| name | test-sh-monitor |
| description | Guide for running and monitoring `dev-support/test.sh` in conflux-rust. Use this skill whenever the user wants to run tests, launch test.sh, monitor test progress, check test results, set up a new worktree for testing, or diagnose test failures in the conflux-rust project. Also trigger when the user asks about test phases, log keywords, build failures, or integration test failures in this repo.
|
test.sh Running and Monitoring Guide
Core Principle
Always run the complete test.sh — never execute individual phases in isolation.

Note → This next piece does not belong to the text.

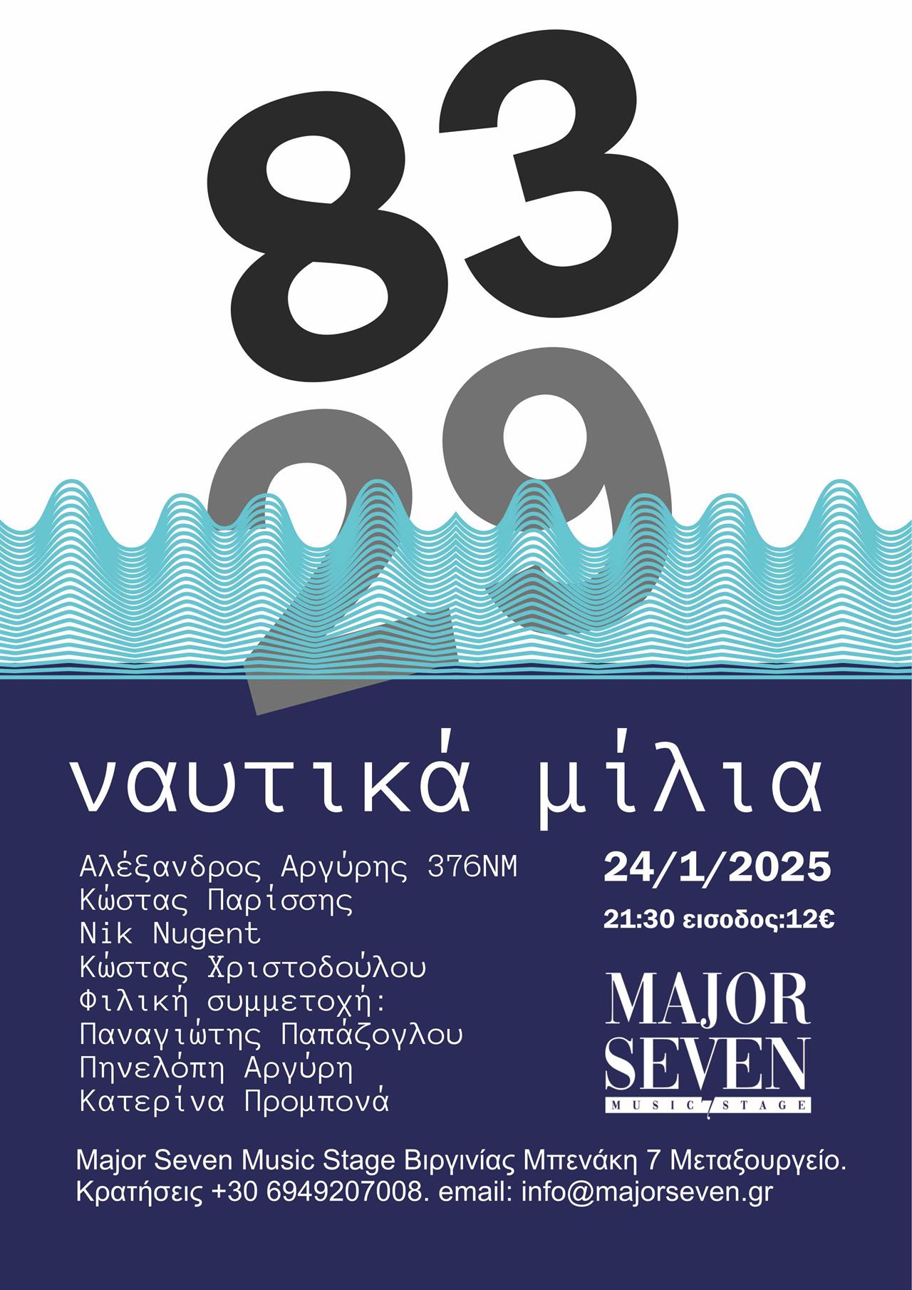 Παρέα με τους Κώστα Παρίσση στην κιθάρα, Nik Nugent στα πλήκτρα και τον Κώστα Χριστοδούλου στα κρουστά θα μας παρουσιάσουν το άλμπουμ «83 ναυτικά μίλια», καθώς και το ανέκδοτο επερχόμενο άλμπουμ με τίτλο «29 ναυτικά μίλια» σε πρώτη εκτέλεση.

test.sh sets critical environment variables (CARGO_TARGET_DIR, RUSTFLAGS, CONFLUX_BENCH), activates the venv, and manages symlinks. These side effects only take effect during a full run. In particular, CARGO_TARGET_DIR=$ROOT_DIR/build exists only within the test.sh process environment — manually running cargo build inside tools/consensus_bench/ will drop artifacts in the wrong location, causing integration tests to pick up a stale binary.
Step 0: Ask for Polling Interval
Before doing anything else, ask the user:
"How often should I check the log? Options: 60s, 120s, or a custom value."
Remember the chosen interval — it will be used in the monitoring loop in Step 3.
Step 1: Pre-flight Checks
Confirm these five items before launching to avoid discovering environment problems after a long wait:
command -v uv || echo "MISSING: run: curl -LsSf https://astral.sh/uv/install.sh | sh"
git submodule status | grep "^-" && echo "MISSING submodules: run git submodule update --init --recursive" || echo "submodules OK"
ls -la target 2>/dev/null || echo "target not present (OK, test.sh will handle)"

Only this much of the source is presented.